Swiss win World Ski Championships

Swiss win World Ski Championships

23rd February 2009, Comments 0 comments

Switzerland beats the Austrian, US and French teams in alpine skiing.

VAL D'ISERE - Switzerland blended exuberant youth and wise old heads to master the World Ski Championships here as the men's teams of arch rivals Austria and the United States badly misfired.

The Swiss won six medals - two gold, three silver and one bronze, to top the table ahead of neighbouring Austria, whose team members claimed a gold and bronze apiece as well as one silver.

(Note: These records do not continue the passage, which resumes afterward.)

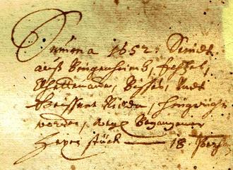 Der Text lautet: „Summa 1652: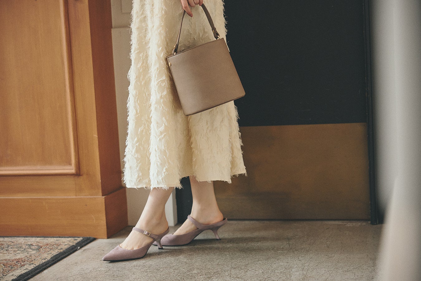 Jacket ¥24,200、Vest & Skirt set ¥31,900、Bag¥17,600、Pumps ¥18,700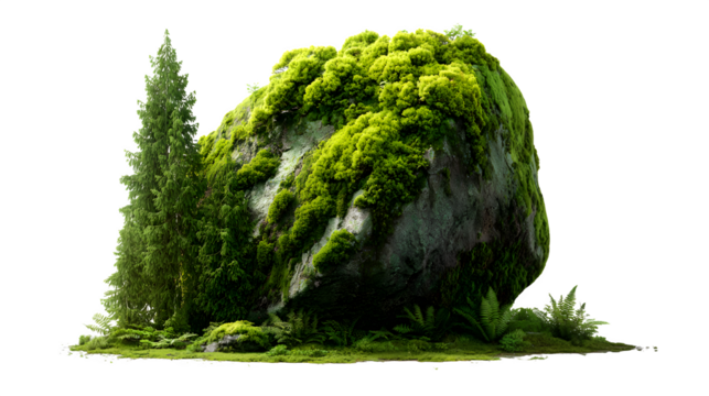A single, massive boulder covered in vibrant green moss and fern, standing as a silent sentinel within a quiet, ancient forest, isolated on a Transparent background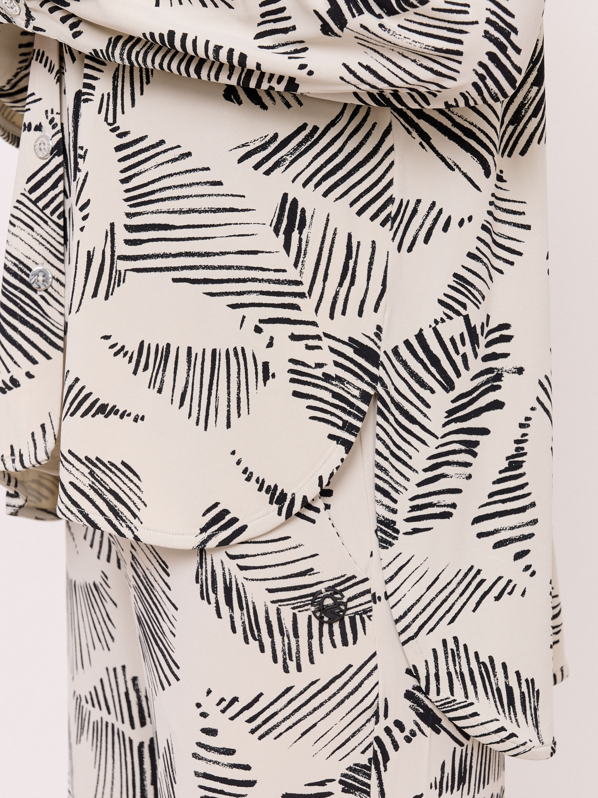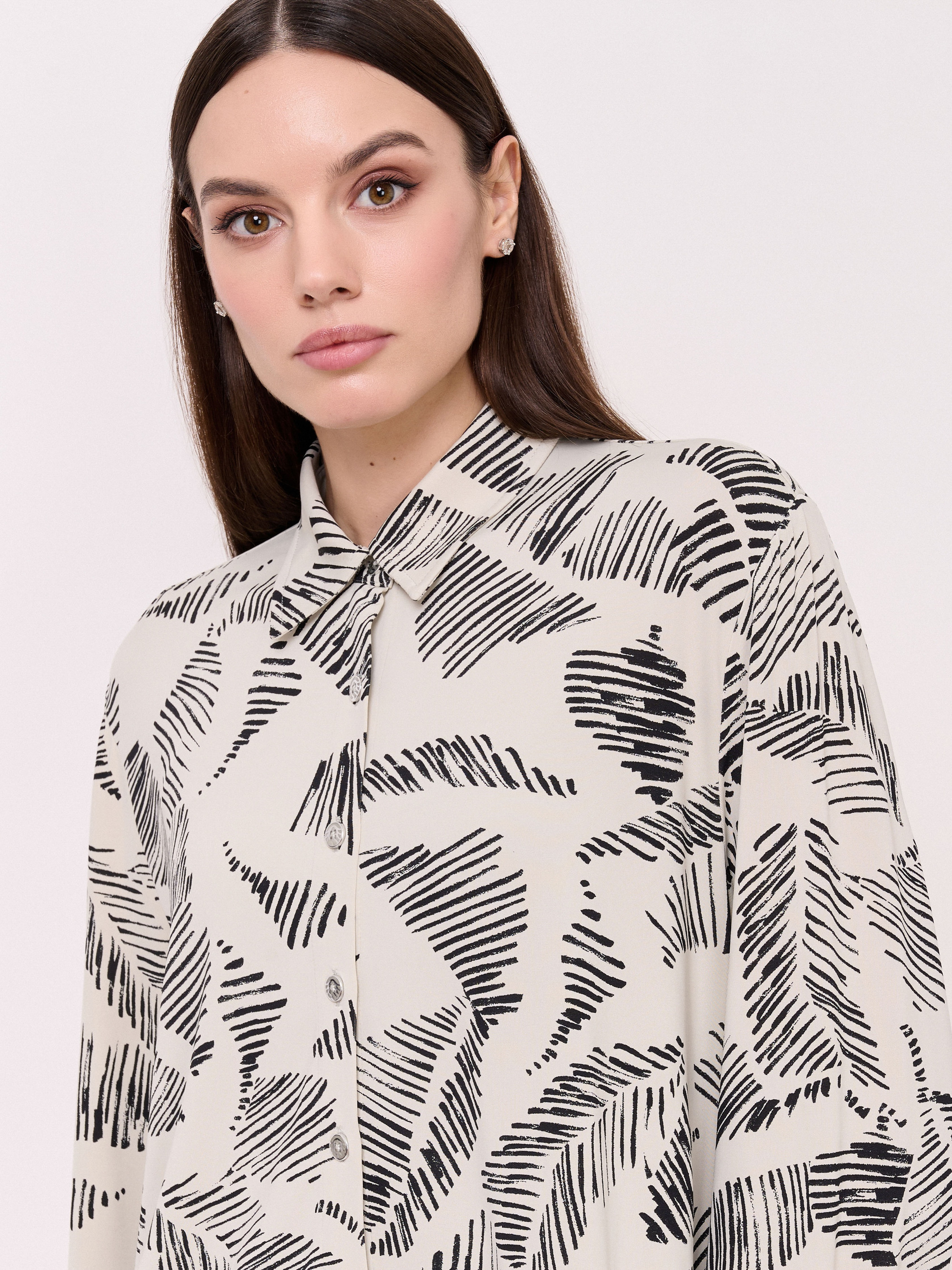 Детали: застежка пуговицы, вырез горловины отложной воротничок, рукава длинные, покрой рубашечный, рисунок абстракция. Длина по спинке: 74 см.

The United States finished third due to Lindsey Vonn's sweep of the women's speed events, while Germany’s women's team earned two golds, Maria Riesch and Kathrin Hoelzl winning the slalom and giant slalom.

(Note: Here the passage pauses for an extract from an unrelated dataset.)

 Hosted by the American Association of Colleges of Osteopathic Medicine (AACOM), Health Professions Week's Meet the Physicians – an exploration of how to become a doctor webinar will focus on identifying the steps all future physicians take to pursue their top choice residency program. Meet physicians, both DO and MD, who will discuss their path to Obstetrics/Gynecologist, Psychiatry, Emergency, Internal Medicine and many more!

The Swiss were given an early start in the two-week championships when veteran Didier Cuche snapped up Super-G gold.

The 34-year-old went on to earn a downhill silver behind Canada's John Kucera, a surprise winner of the men's blue riband event who took advantage of perfect early conditions that later starters did not share.
FRANCE, Val-d'Isère : Switzerland's Carlo Janka (C), Austrian Benjamin Raich (L) and Ted Ligety of the United States pose during the medal ceremony after the men's giant slalom on February 13, 2009 in Val'Isere during the World Ski Championships. Switzerland's Carlo Janka won the men's giant slalom at the World Ski Championships ahead of Austrian Benjamin Raich and Ted Ligety of the United States.

The result was indicative of a season where there were five different winners in the six World Cup downhills so far.

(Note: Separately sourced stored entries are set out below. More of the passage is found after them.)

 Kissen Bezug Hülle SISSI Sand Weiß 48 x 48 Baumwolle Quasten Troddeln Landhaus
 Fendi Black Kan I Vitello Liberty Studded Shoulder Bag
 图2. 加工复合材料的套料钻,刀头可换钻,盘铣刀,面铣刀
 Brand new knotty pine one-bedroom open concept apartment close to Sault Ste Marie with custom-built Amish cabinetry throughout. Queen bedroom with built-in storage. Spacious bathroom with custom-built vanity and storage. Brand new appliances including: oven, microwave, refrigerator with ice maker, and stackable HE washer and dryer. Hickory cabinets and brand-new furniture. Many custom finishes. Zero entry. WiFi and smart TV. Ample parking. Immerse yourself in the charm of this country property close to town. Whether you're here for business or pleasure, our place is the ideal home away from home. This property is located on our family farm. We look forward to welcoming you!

Young enough to be Cuche's daughter, compatriot Lara Gut confirmed her arrival as a potent force.

The 17-year-old, who is fluent in five languages and studies on the internet, claimed silver medals in the women's downhill and super combined.

Teammate Carlo Janka, 22, won gold in the men's giant slalom and bronze in the downhill.

For Austria's so-called "wunderteam", the championships were underwhelming.

Manfred Pranger claimed gold in the men's slalom and veteran Benjamin Raich won a silver in the giant slalom to save the embarassment of a strong team.

Austria also saw Kathrin Zettel win gold in the super combined, with Elisabeth Goergl taking bronze, as Andrea Fischbacher did in the Super-G.

Defending men's World Cup champion Bode Miller had a disastrous two weeks.

The American finished 12th in the Super-G and a disappointing eighth in the fog-disrupted downhill, but then failed to complete the giant slalom, slalom or super combined, in which teammate Ted Ligety won a bronze.

Their compatriot Vonn, current leader in the women's World Cup overall standings, won in the downhill and Super-G.

But Vonn cut a thumb tendon on the top of a champagne bottle at a sponsor's party celebrating her downhill success.


 Swiss Carlo Janka clears a gate in the Slalom, second run of the Super combined race during the men's FIS ski worldcup in Sestriere on February 22, 2009.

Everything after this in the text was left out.